TDD with Microsoft Agent Framework, Part 1: xUnit Agent Testing

Learn how to use xUnit and Test Driven Development to validate Microsoft Agent Framework agents. Ensure your AI selects the right tools and handles state correctly for production.

 and  Jonathan Bailey
3 min read
Monineath Horn - Unsplash

Table of Contents

This post demonstrates how to use xUnit to test the behaviour of your Microsoft Agent Framework (MAF) Agents and validate that they make the correct function calls.

If you want to move beyond the console and build production-ready applications, you must validate the behaviour of your agents and the broader system. While agents can evaluate history and state to select tools, we need to ensure they consistently select the right tools for the job.

Today, we will look at using xUnit to validate that our agents are selecting the correct tools through a structured TDD approach.

Travel Planning Use Case

In this post and others in this series, we will develop and implement a travel planning use case using xUnit, TDD, and the Microsoft Agent Framework (MAF).

We can define our Travel Planning Agent to behave like this:

The Agent uses a Travel Plan model as its source of truth for state and uses this model to base its decisions. The logic goal is simple: if the model is missing required data, the agent must use its available tools to request that information from the user.

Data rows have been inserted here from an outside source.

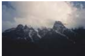
Sundown over Meru

Enjoy your way to the target. Or else the task becomes tougher!: (Harmony among your teammates is vital.) While we carefully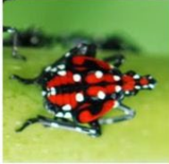
Fourth Instar: July - September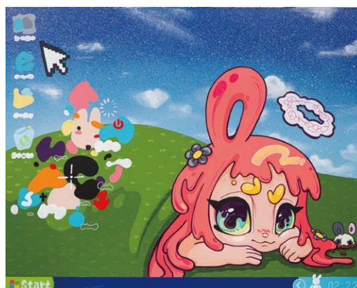
My Mom's Computer 2024 壓克力顏料、 噴漆於畫布 Acrylic and Spray Paint on Canvas H73 X W92 X D5 cm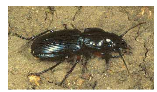
A ground beetle Pterostichus madidus.

One way of controlling pests without resorting to chemicals is to try companion planting – a system where different plant species are grown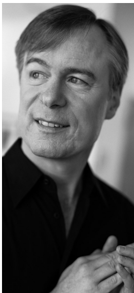
David Robertson conducts the St. Louis Symphony season finale, The Planets , May 6-8.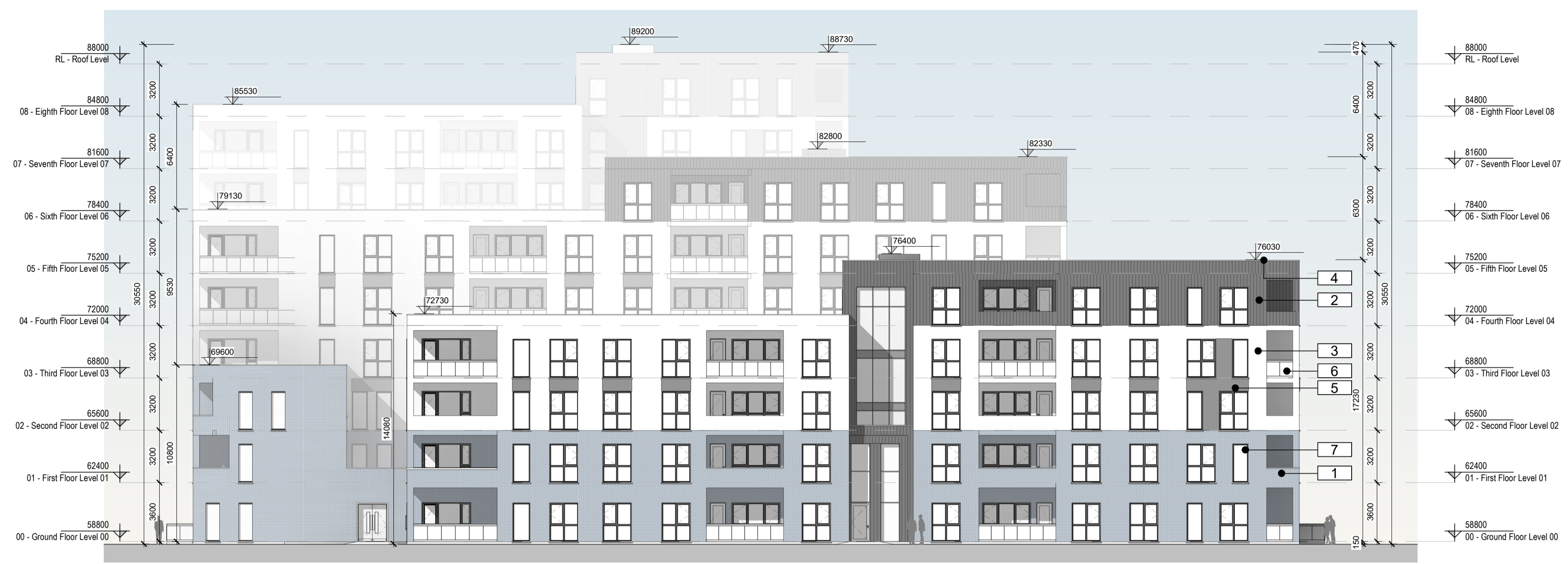
1 WEST ELEVATION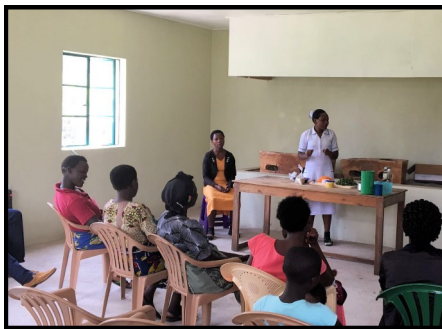
A COOKERY DEMONSTRATION IN THE MALNUTRITION UNIT.

The nurses are highly skilled and competent to manage many cases. Sadly the free government hospitals in Uganda are very under funded. As a result maternity care is not what it could be and new-borns arrive at Potter Village often in a poor state, needing resuscitation. The crisis centre had a regular influx of babies who had either been abandoned or their mothers had died in childbirth. These children are cared for beautifully until they can be returned to extended family members or fostered before the age of two.

The Travel Model contains the following properties:

  • Origin
  • Destination
  • Departure Date
  • Return Date
  • Number of Travelers

The Agent is provided with a single tool:

  • Request Information: Used when the agent identifies that it requires more information to complete a plan.

This use case has been deliberately kept simple so we can set up and test our agent. In later posts, we will add more functionality, tools, and complex behaviour.

Getting Setup

Language Model Settings

The agent factory in the samples uses Token Credentials to avoid API keys, and takes the LLM settings on Azure in the constructor.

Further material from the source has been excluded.